An interactive job starts when you log onto the system and ends when you log off. Even the activities on head node is an interactive session. In interest of all users, it is recommended that for all interactive sessions users should logon to nodes, with help of following commands
qlogin qrsh
Once you type qlogin you get logged on to one of the nodes (e.g.: in it is compute-1-0 node)
$ qlogin Your job 236491 ("QLOGIN") has been submitted waiting for interactive job to be scheduled ... Your interactive job 236491 has been successfully scheduled. Establishing /opt/gridengine/bin/rocks-qlogin.sh session to host compute-1-0.local ... Last login: Wed Feb 1 17:37:27 2017 from bbcsrv3.local Rocks Compute Node Rocks 6.1 (Emerald Boa) Profile built 09:01 01-Nov-2016 Kickstarted 09:17 01-Nov-2016 [user@compute-1-0 ~]$
qrsh will connect to node (e.g. in this case it is compute-1-16 node)
$ qrsh [user@compute-1-16 ~]$
‘exit’ command will move you back on head node.
If resources are available, the job gets started immediately. Otherwise, the user is informed about the lack of resources and the job gets aborted. Jobs are always passed onto the available executing hosts. Records of each job’s progress through the system are kept and reported when requested (qstat). qrsh is similar to qlogin by submitting an interactive job to the queuing system. However, qrsh establishes a rsh connection with the remote host. qlogin uses the current terminal for user I/O.

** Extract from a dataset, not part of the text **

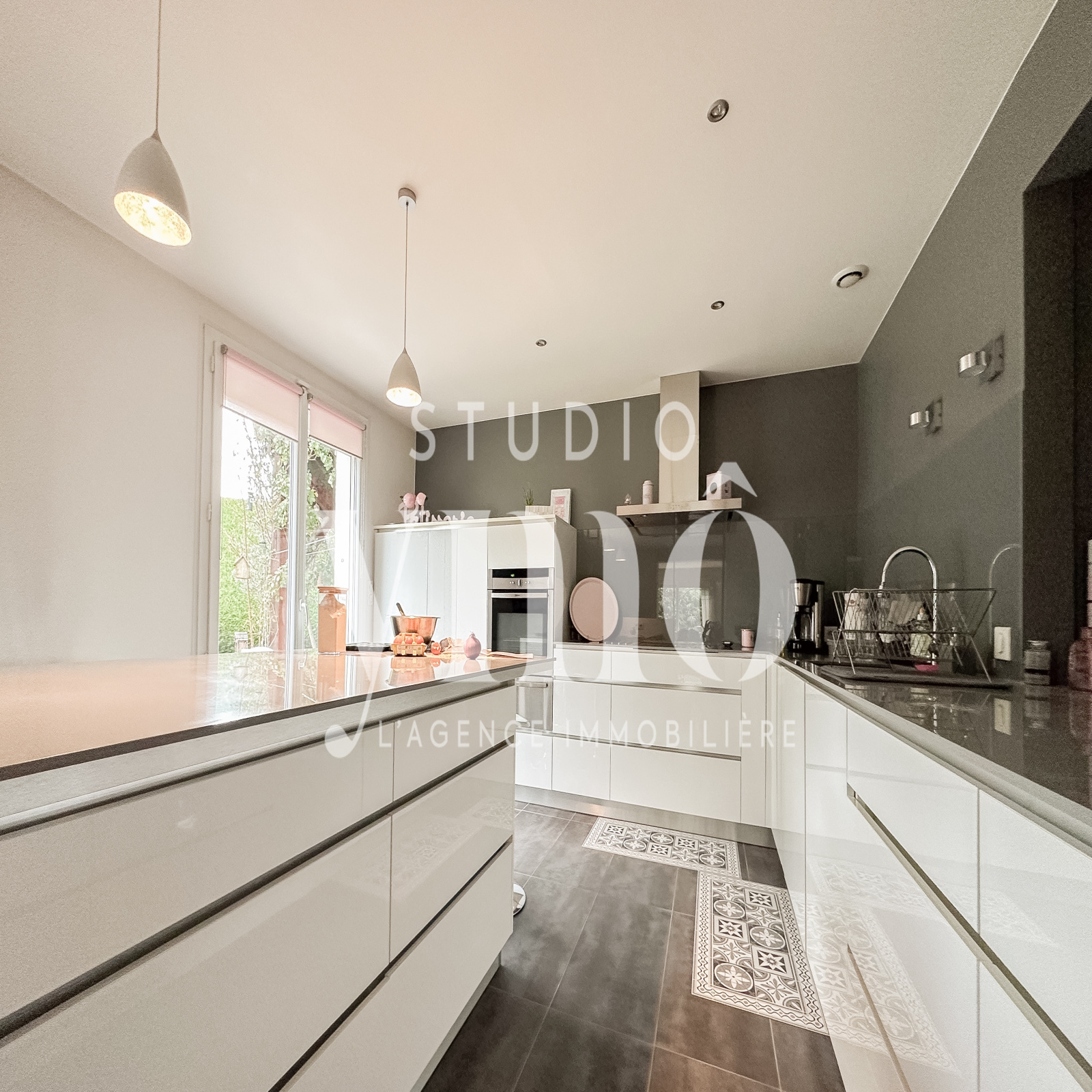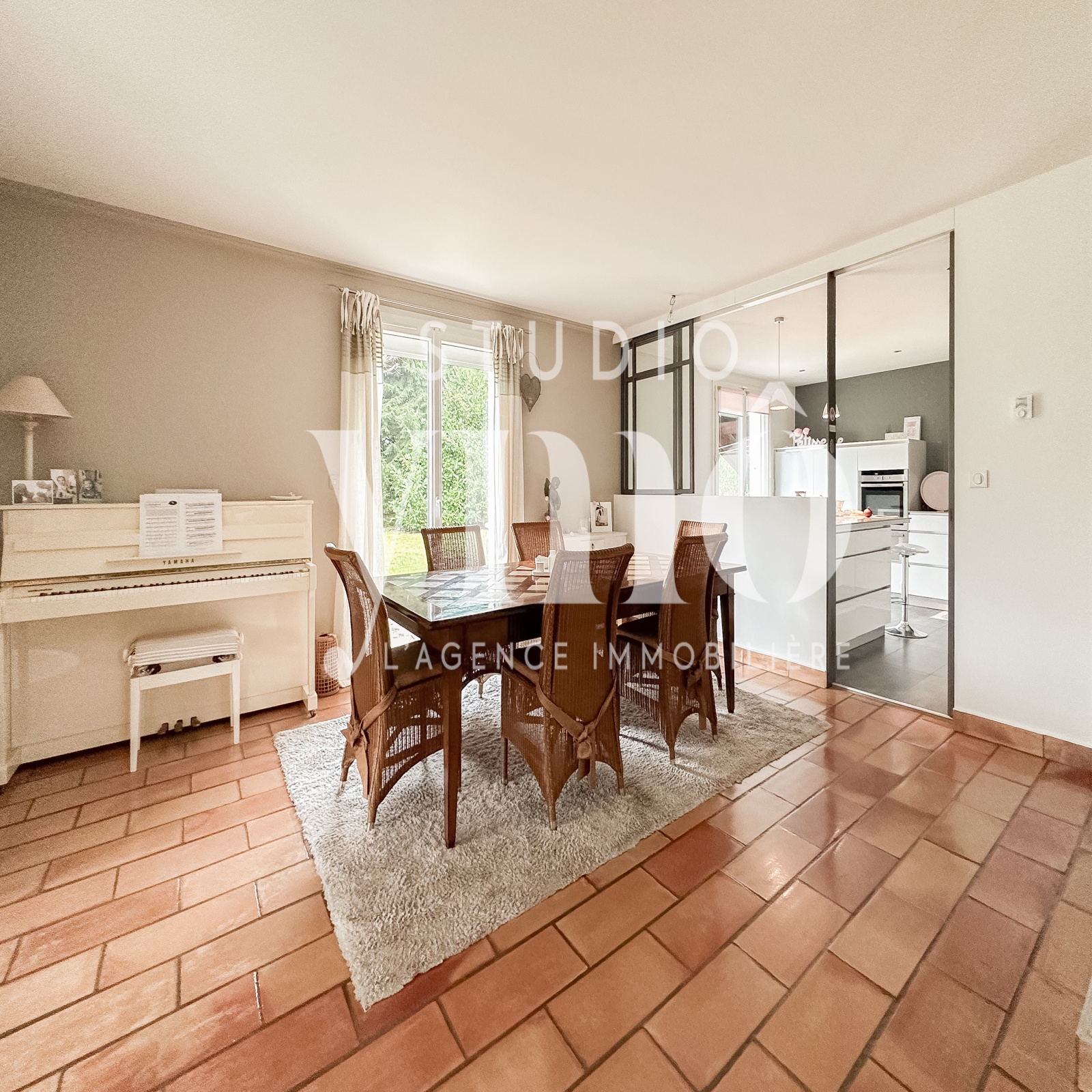 La cuisine fermée, véritable chef-d’œuvre de design, est équipée de verrières contemporaines qui peuvent s’ouvrir entièrement, transformant l’espace en une pièce aérée, idéale pour partager un instant convivial avec vos proches.

SSH directly into a specific node on the cluster
First, view the current load on the cluster with the qhost command. Then determine which nodes satisfy your computational needs (number of CPU, MEMTOT). Of those nodes, select the node that has the lowest current LOAD and MEMUSE.
After a node has been selected connect to the node with the terminal command:
ssh HOSTNAME # where HOSTNAME is the hostname of the node
For example, if the screenshot below represented the current load on the server, and a highpri queue was required, then compute-2-2 or compute-2-3 would be selected since they are both empty.
Batch Job A batch job requires little or no interaction between the user and the system. It consists of a predefined group of processing actions. If resources are available, job gets started immediately. Otherwise, the user is informed about the lack of resources and job gets abandoned.
A sample template of script and example scripts are at the end of this document to help you compose your own.
Some key points to consider:
Depending on the computational resource required by your software, one of the queues on the cluster has to be specified. The decision relies on the fact whether the task is CPU or memory intensive.
Software’s that creates large tmp files and hold them in RAM will often be memory intensive e.g. (k-mer estimation, transcriptome assemblies, genome assemblies etc). Other tasks are generally CPU intensive and specifying more cores will speed up the process (e.g, Bowtie, STAR, RSEM, SICKLE, TOPHAT etc).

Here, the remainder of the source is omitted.